Robert Half (RHI 0.16%) posted its latest earnings release shortly after the market closed on Tuesday, and the following day, its stock suffered a hangover. It closed down by nearly 6% in price on Wednesday, which was notable since the bellwether S&P 500 index traded sideways across that session.
One of the most durable and well-known companies in the staffing services industry, Robert Half, wasn't looking very impressive with its second-quarter numbers. It earned revenue of slightly under $1.64 billion and netted a profit of $106 million ($1 per share) under generally accepted accounting principles (GAAP) standards. Both were down from the second-quarter 2022 results of $1.86 billion and $176 million, respectively.
Compounding the twin declines, both headline figures failed to meet the average analyst estimates. Prognosticators following Robert Half were, on average, forecasting $1.69 billion on the top line and $1.13 per share for GAAP net income.
In the earnings release, Robert Half pointed the finger of blame at "elongated" hiring cycles by clients. This arose from widespread macroeconomic uncertainty. In such times, companies tend to be more hesitant to hire new workers.

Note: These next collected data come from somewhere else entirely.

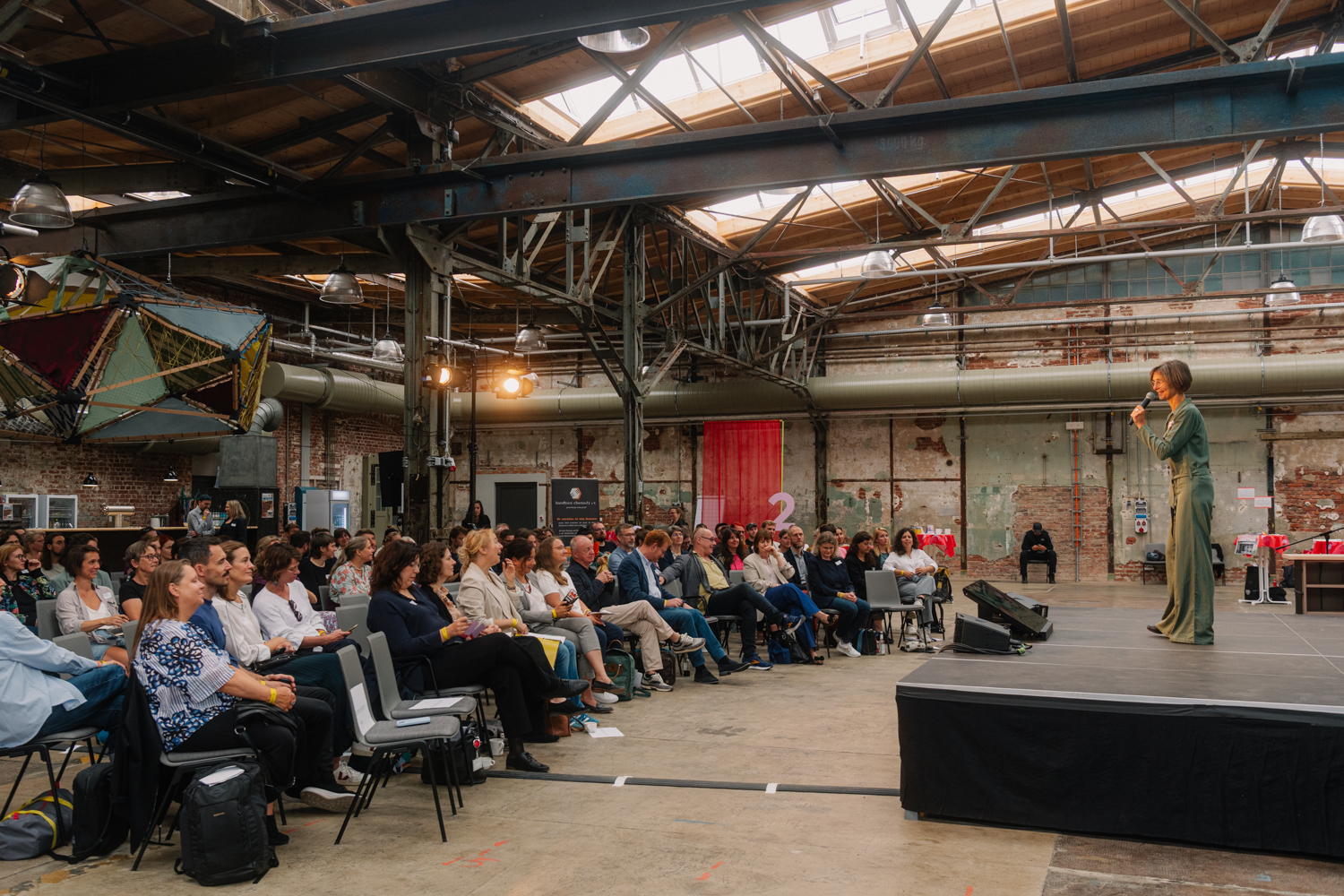 • seitlicher Blick auf das Publikum in den voll besetzten Stuhlreihen
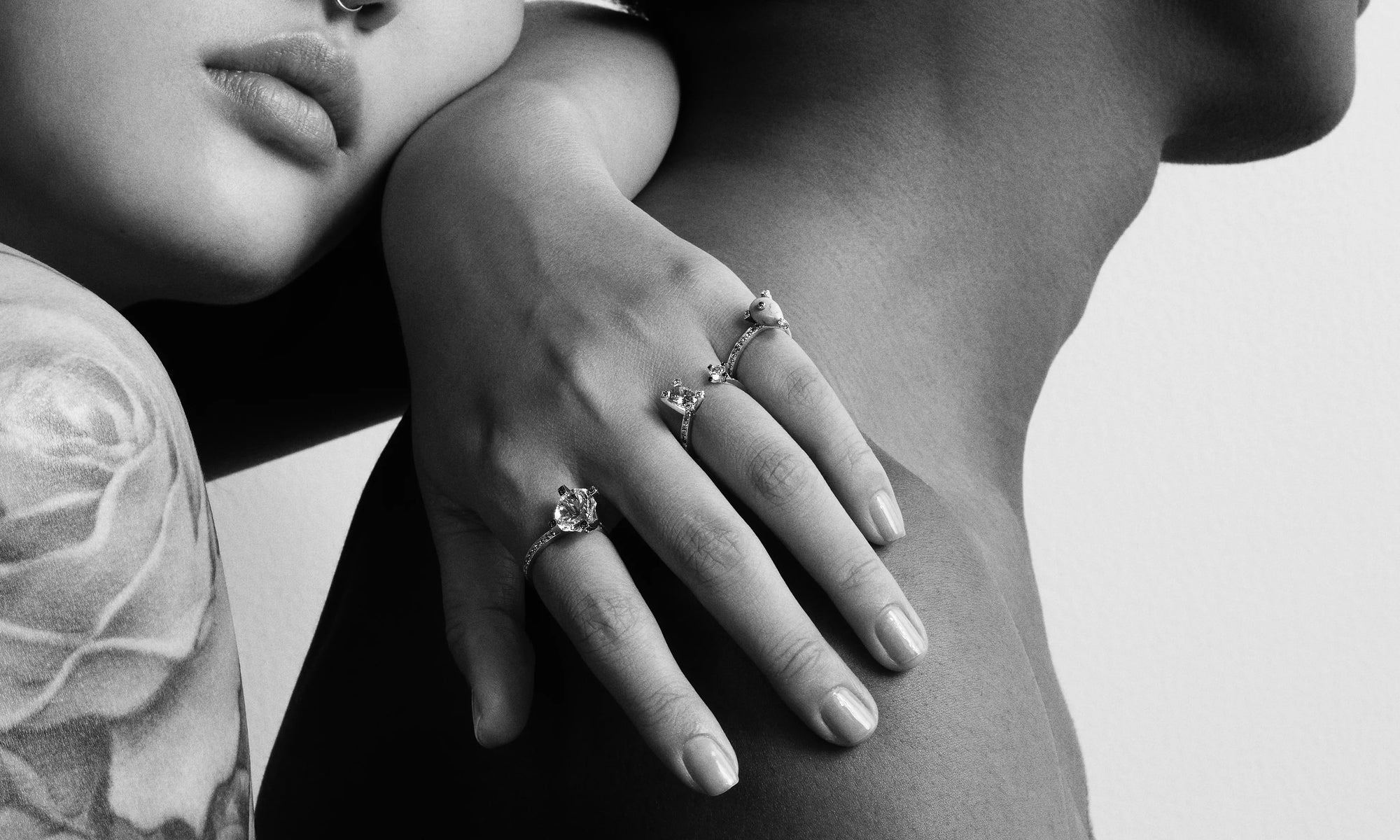Evolution of Rock Collection Inspired by the multi-facets of a diamond, this collection combines the raw, the linear and the three dimensional; reinventing promise rings and engagement rings with two diamonds symbolizing the love bond of two; one for him and one for her, defying the conventional techniques of Jewelry making with the side rock as her signature collection.
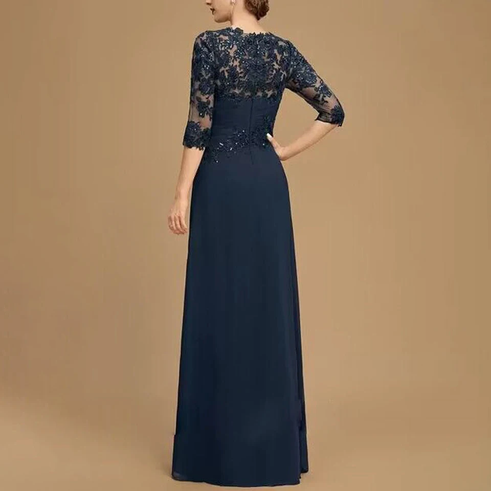 Платье для матери невесты, темно-синее платье с рукавом до локтя и вырезом-лодочкой, 2024

Yet, Robert Half still managed to sound a bullish note or two about the current state of its business and its looming future.
It quoted CEO M. Keith Waddell as saying, "Pricing and gross margins remain strong, demonstrating the value-added benefit we deliver for our clients. We remain confident that we are well positioned to benefit significantly as the macro landscape improves."
The company did not, however, proffer guidance for future periods in the earnings release.